🤖 AI Summary
Edge continual learning is hindered by the high energy consumption of conventional recurrent networks and frequent off-chip data transfers. This paper proposes M2RU, a memristor-based mixed-signal architecture tailored for edge deployment, which— for the first time—integrates weighted bit-stream computing with on-chip, hardware-level experience replay to enable low-power, real-time online temporal modeling and domain adaptation. Through crossbar optimization, device reliability modeling, and precision-enhancing encoding, M2RU effectively mitigates memristor non-idealities and significantly alleviates catastrophic forgetting.

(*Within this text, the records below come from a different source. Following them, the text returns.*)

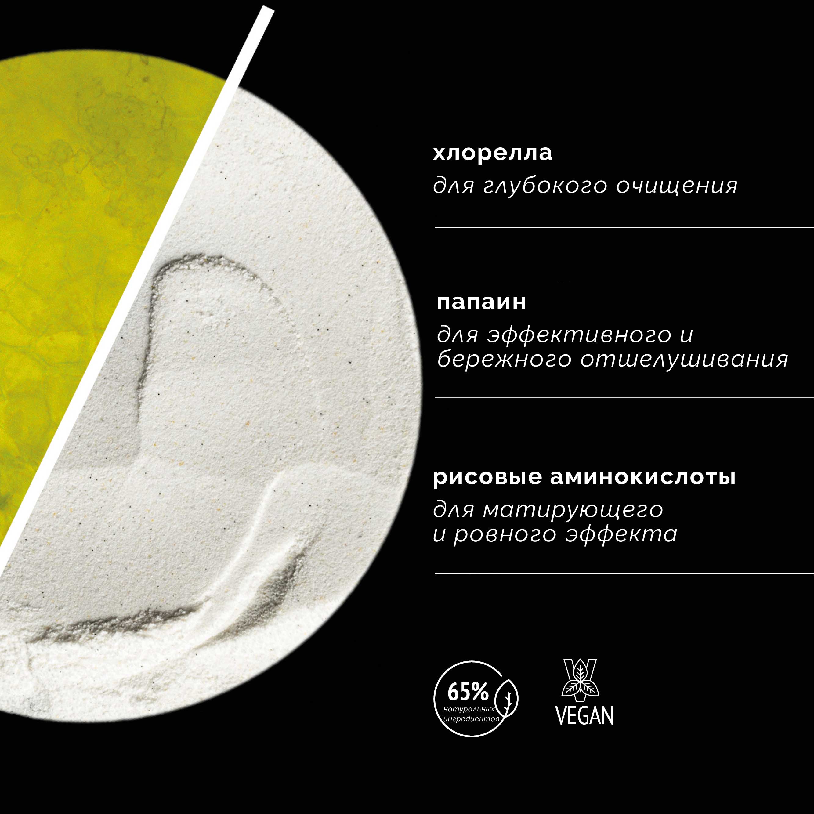 При контакте с водой невесомый порошок преобразуется в бархатистую пену для бережного отшелушивания. Комплекс мягко растворяет загрязнения и ороговевшие клетки, выравнивая микрорельеф и сужая поры. Рисовый крахмал абсорбирует излишки кожного сала, обеспечивая матовый эффект и профилактику несовершенств.
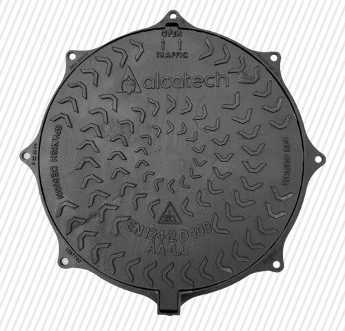 Tapa de registro con marco y tapa redonda, conforme a la norma UNI EN 124 y posee certificación de producto BSI. Superficie antideslizante y ranura lateral de enganche para la abertura con un útil común, diente de enganche para el anclaje al marco. Marco perfilado para un correcto anclaje a la zona de asentamiento.
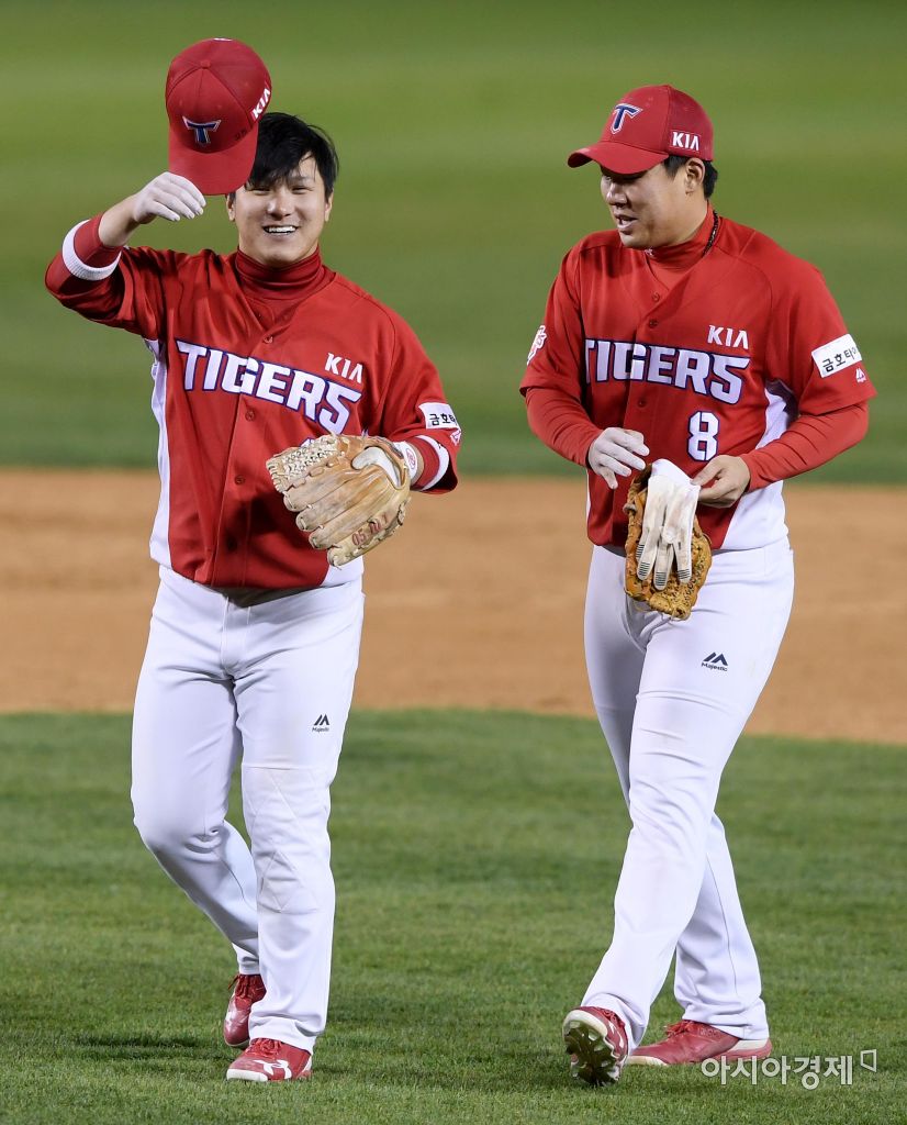 [아시아경제 김현민 기자]프로야구 KIA 타이거즈와 두산 베어스의 2017 KBO리그 경기가 12일 잠실구장에서 열렸다. KIA 김선빈과 안치홍이 8-4 승리를 확정한 뒤 기뻐하고 있다. 김현민 기자 kimhyun81@asiae.co.kr<ⓒ세계를 보는 창 경제를 보는 눈, 아시아경제(www.asiae.co.kr) 무단전재 배포금지>

Experimental results demonstrate an energy efficiency of 312 GOPS/W—29× higher than state-of-the-art CMOS implementations—and maintain over 95% of software baseline accuracy on sequential MNIST and CIFAR-10 tasks. Projected device lifetime reaches 12.2 years.
📝 Abstract
Continual learning on edge platforms remains challenging because recurrent networks depend on energy-intensive training procedures and frequent data movement that are impractical for embedded deployments. This work introduces M2RU, a mixed-signal architecture that implements the minion recurrent unit for efficient temporal processing with on-chip continual learning. The architecture integrates weighted-bit streaming, which enables multi-bit digital inputs to be processed in crossbars without high-resolution conversion, and an experience replay mechanism that stabilizes learning under domain shifts. M2RU achieves 15 GOPS at 48.62 mW, corresponding to 312 GOPS per watt, and maintains accuracy within 5 percent of software baselines on sequential MNIST and CIFAR-10 tasks. Compared with a CMOS digital design, the accelerator provides 29X improvement in energy efficiency. Device-aware analysis shows an expected operational lifetime of 12.2 years under continual learning workloads. These results establish M2RU as a scalable and energy-efficient platform for real-time adaptation in edge-level temporal intelligence.